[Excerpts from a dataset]
────────
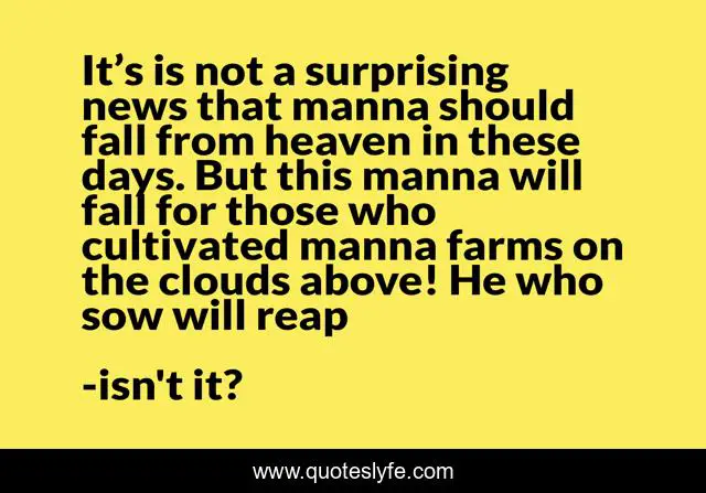 This page presents the quote "It’s is not a surprising news that manna should fall from heaven in these days. But this manna will fall for those who cultivated manna farms on the clouds above! He who sow will reap". Author of this quote is isn't it?. This quote is about israelmore ayivor, the great hand book of quotes,.
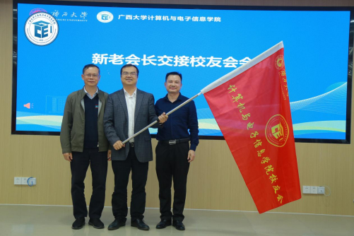 校友会第二届机构成员建议名单》。接着,学院第一届校友会副会长黎英征和第二届校友会会长吴小奕进行新老会长交接会旗仪式。
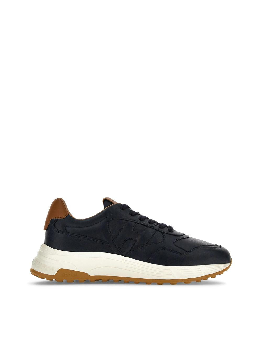 SNEAKERS HYPERLIGHT IN PELLE BLU CON INSERTI CUOIO
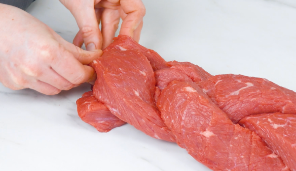 - Retirez la graisse et les tendons de la viande, puis coupez-la en deux dans le sens de la longueur afin de pouvoir l'ouvrir. Elle doit mesurer environ 130 cm de long. Coupez la viande deux fois de manière à obtenir trois boudins de 5 cm de large. Confectionnez une tresse avec les brins obtenus. Veillez à ce qu'il n'y ait pas de trous et fixez la tresse de viande avec une brochette en bois.
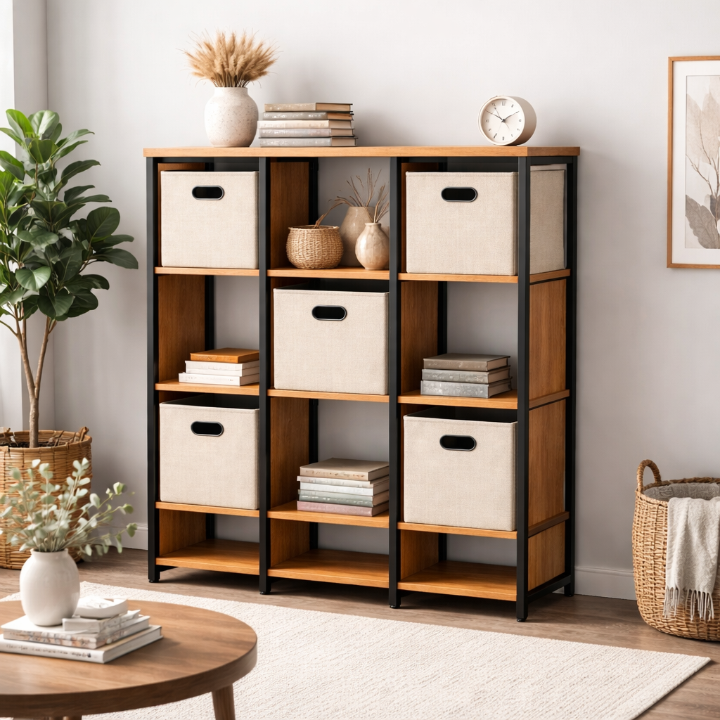 Étagère moderne avec compartiments ouverts et bacs de rangement, idéale pour organiser et décorer votre intérieur avec praticité.
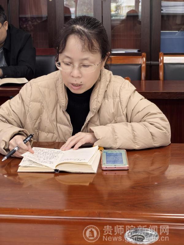 在研讨环节,全体党员聚焦 10 月 17 日学校第二次集中大课中 “2025 年深入学习贯彻习近平总书记关于教育的重要论述 以教育强国支撑引领中国式现代化”的核心内容,杜景、万国崔、游超颖、瞿智琳等同志结合全国、全省教育大会精神,围绕弘扬教育家精神、推进教育发展与科技创新和人才培养一体化、强化教育支撑力等议题展开交流,深入探讨如何以高质量教育与高素质专业化教师队伍,服务中国式现代化贵州实践,大家普遍认为教师要认真落实立德树人根本任务,要立足国家与地方的需要,要勇于融入教育强国强省的事业当中。
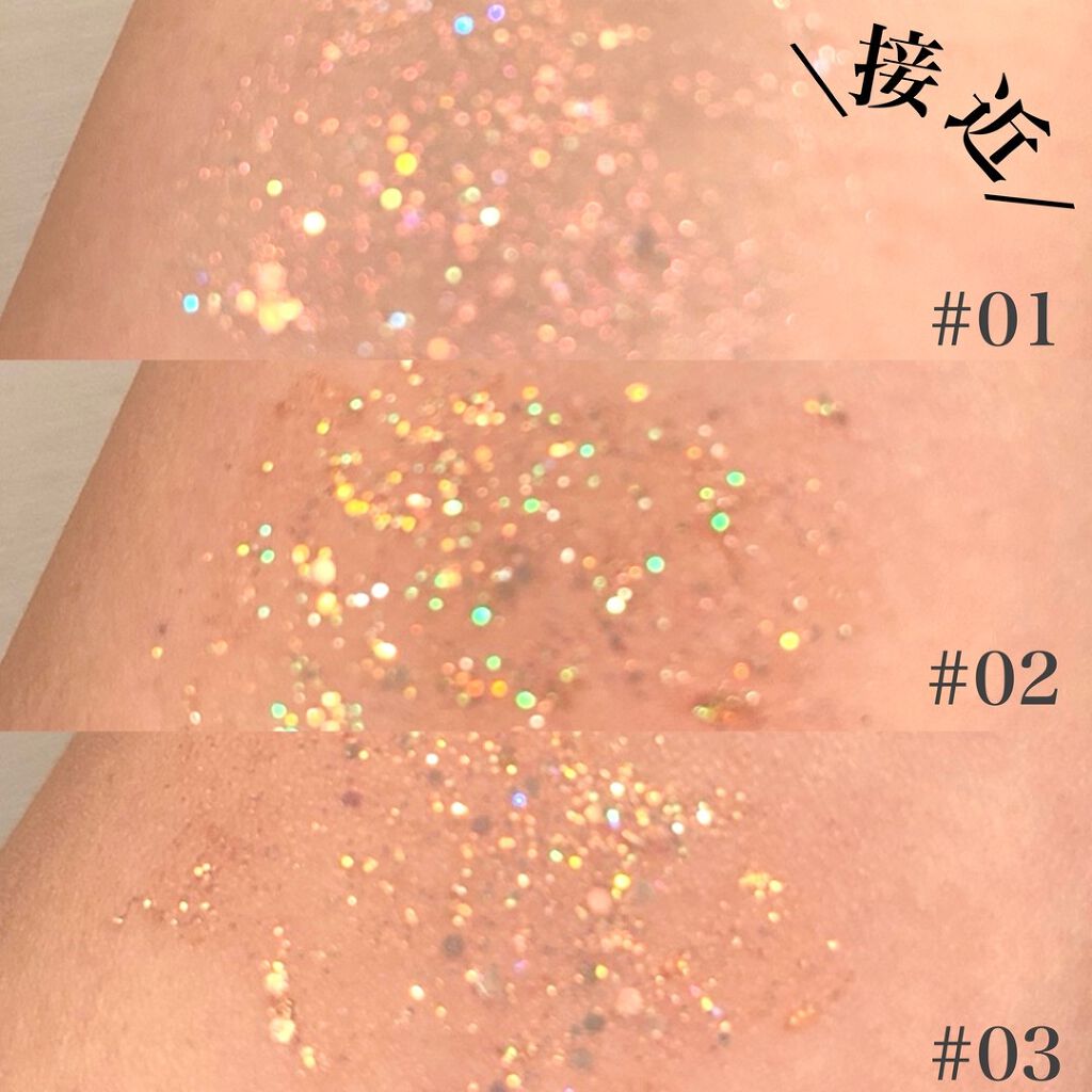 大粒ラメがしっかりフィットして飛び散らない◎! すっごく密着するのでお気に入り🥺💓 涙ぶくろにワンポイントでちょんちょんとラメを置くのが可愛くて最近ハマってます👍🏻❤️
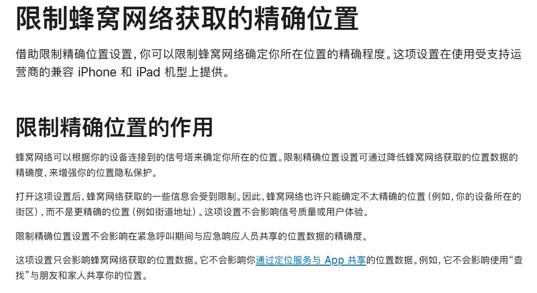蜂窝网络可以根据您的设备连接的蜂窝塔来确定您的位置。限制精确位置设置通过降低蜂窝网络可以获得的位置数据的精度来增强您的位置隐私。
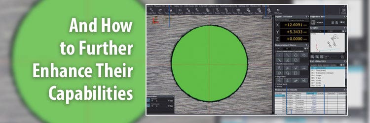 Un microscopio di misura può inoltre essere dotato di un display digitale (DRO - digital readout) o di un software di supporto per la misura per aumentare le proprie funzionalità. L'uso di questi strumenti permette di portare il microscopio a un livello superiore. Senza un display digitale o un software, il microscopio di misura fornisce le coordinate di ogni punto misurato e lascia tutti i calcoli all'operatore. Nel caso di una forma semplice come il cerchio, la misura del diametro può risultare complicata in quanto si deve determinare esattamente il centro per determinarlo. Attraverso un adeguato software è possibile acquisire tre punti del cerchio calcolando istantaneamente il diametro. Supponiamo che il cerchio sia un foro di una componente ed è necessario sapere se il foro si trova nell'esatta posizione. ll software visualizzerà le coordinate del centro del foro potendole usare come riferimento per un punto di inizio della propria componente. L'elenco delle misure possibili è ampio e le funzionalità di questi tipi di misure continueranno a aumentare in rapporto allo sviluppo di nuovi software.
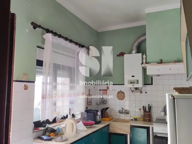 Moradia composta por dois anderes sucetíveis de utilização independente, sendo no rés do chão um T3 com garagem, cozinha equipada, garagem e quintal.
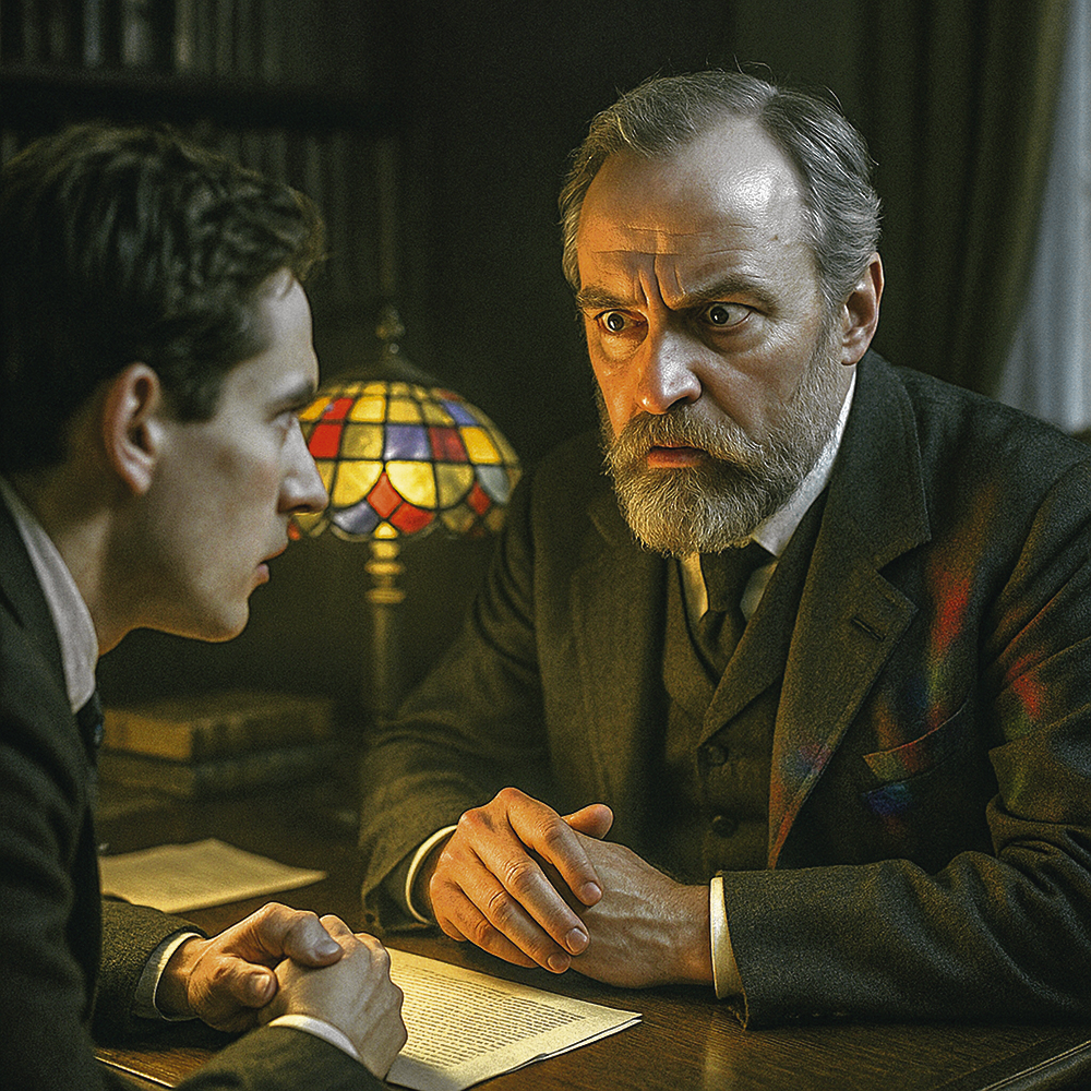 Это произошло вечером, в полумраке кабинета. Дрожали красные, синие, желтые пятна, которые бросал разноцветный фонарик. Молодой человек сидел перед Иваном Ивановичем, наклонившись, с жадно раскрытыми глазами, засматривая ему в глубину очей, казалось, страдал и млел и только иногда шептал:
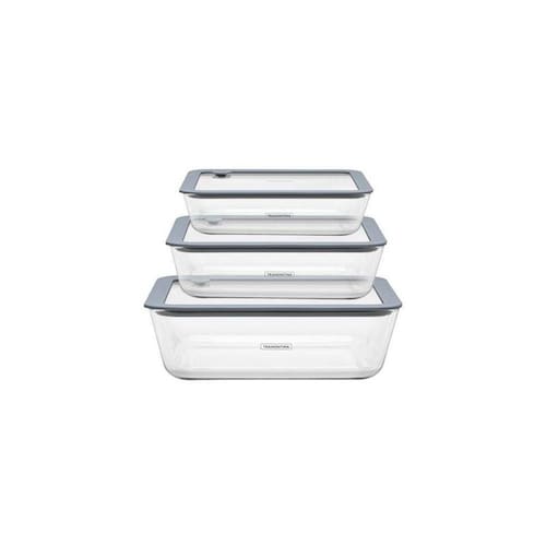 Organização e cuidado com os alimentos começam pelos detalhes certos. O conjunto de potes de vidro Tramontina Vittra retangulares com tampa de silicone hermética oferece a solução perfeita para conservar alimentos com mais e eficiência. Composto por três tamanhos diferentes, ele permite armazenar porções , mantendo tudo sempre fresco e protegido. O sistema de vedação evita vazamentos e odores indesejados, e a estrutura empilhável ajuda a otimizar cada centímetro do armário ou da geladeira. Compatíveis com micro-ondas, forno (sem tampa), freezer e lava-louças, esses potes unem resistência e praticidade em uma única escolha. Ideal para quem busca manter a rotina organizada sem abrir mão da qualidade.
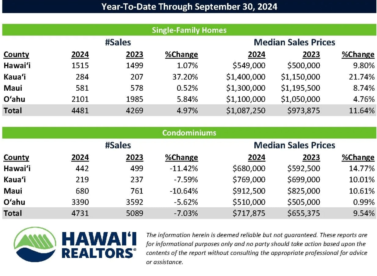 Oahu, Maui and Big Island Real Estate Year-To-Date 2024 vs 2023
────────
Exactly as written, repeat the lines from the beginning of the entries up to and including the line with "蜂窝网络可以根据您的设备连接", but not the pictures.

> **EXERCISE RESULT**
 This page presents the quote "It’s is not a surprising news that manna should fall from heaven in these days. But this manna will fall for those who cultivated manna farms on the clouds above! He who sow will reap". Author of this quote is isn't it?. This quote is about israelmore ayivor, the great hand book of quotes,.
 校友会第二届机构成员建议名单》。接着,学院第一届校友会副会长黎英征和第二届校友会会长吴小奕进行新老会长交接会旗仪式。
 SNEAKERS HYPERLIGHT IN PELLE BLU CON INSERTI CUOIO
 - Retirez la graisse et les tendons de la viande, puis coupez-la en deux dans le sens de la longueur afin de pouvoir l'ouvrir. Elle doit mesurer environ 130 cm de long. Coupez la viande deux fois de manière à obtenir trois boudins de 5 cm de large. Confectionnez une tresse avec les brins obtenus. Veillez à ce qu'il n'y ait pas de trous et fixez la tresse de viande avec une brochette en bois.
 Étagère moderne avec compartiments ouverts et bacs de rangement, idéale pour organiser et décorer votre intérieur avec praticité.
 在研讨环节,全体党员聚焦 10 月 17 日学校第二次集中大课中 “2025 年深入学习贯彻习近平总书记关于教育的重要论述 以教育强国支撑引领中国式现代化”的核心内容,杜景、万国崔、游超颖、瞿智琳等同志结合全国、全省教育大会精神,围绕弘扬教育家精神、推进教育发展与科技创新和人才培养一体化、强化教育支撑力等议题展开交流,深入探讨如何以高质量教育与高素质专业化教师队伍,服务中国式现代化贵州实践,大家普遍认为教师要认真落实立德树人根本任务,要立足国家与地方的需要,要勇于融入教育强国强省的事业当中。
 大粒ラメがしっかりフィットして飛び散らない◎! すっごく密着するのでお気に入り🥺💓 涙ぶくろにワンポイントでちょんちょんとラメを置くのが可愛くて最近ハマってます👍🏻❤️
蜂窝网络可以根据您的设备连接的蜂窝塔来确定您的位置。限制精确位置设置通过降低蜂窝网络可以获得的位置数据的精度来增强您的位置隐私。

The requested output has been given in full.